Part of me feels guilty, but then I think of what excesses the little beggar must’ve indulged in last night. Wild solo dancing, calling his friends on the phone at all hours, video games, tromping up and down the stairs without consideration of the late hour, etc. I know what turns his crank. I watched him for two hours before I went to bed. Binky has a weirdly frenetic personality, and a distinct lack of attention. No diversion keeps his interest for more than a few minutes.

If I may quote the Pleasuremonk NPC Matthias from my Shatterzone campaign, when he came upon Caligula Jones lying unconscious in the alley behind the Flipchip Parlor on Lucifer’s Gate...

“Ah!

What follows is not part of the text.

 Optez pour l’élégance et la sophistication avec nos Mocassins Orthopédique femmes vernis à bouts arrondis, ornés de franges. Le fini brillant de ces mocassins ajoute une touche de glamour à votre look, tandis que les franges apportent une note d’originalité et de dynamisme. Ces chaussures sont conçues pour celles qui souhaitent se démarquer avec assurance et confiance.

Another soul, brought to pain through a surfeit of pleasure, made weak through merciless joy.”

I’m sorry Binky, but you brought this on yourself. I’ll refill your water cooler and send you four cans of food. You have to learn to last a single night without becoming deathly ill, my friend. If, when I return from work, you are still green-faced and scowling, I’m sending you nothing but dog food and water from now on. That’ll learn ya. Remember - Joy Through Strength, not vice versa.

In other news, I bought a CD of Commodore 64 games for the PC. So far, I’ve got the most use out of “Little Computer People,” the ancient ancestor of all modern games of electronic voyeurism, like “The Sims.” Binky lives on my desktop, puttering around his house while I type IronClaw stuff and websurf. I probably should have saved the game and turned the computer off last night before I went to bed. Ah well. Live and learn.

Tonight we’re off to celebrate thebitterguy’s 29th anniversary of his natal day. Should be fun. They don’t call me Twinkle-Toes Pyat... no, I mean it, they just don’t. Haven’t bowled in years. Last time, I think I broke 60.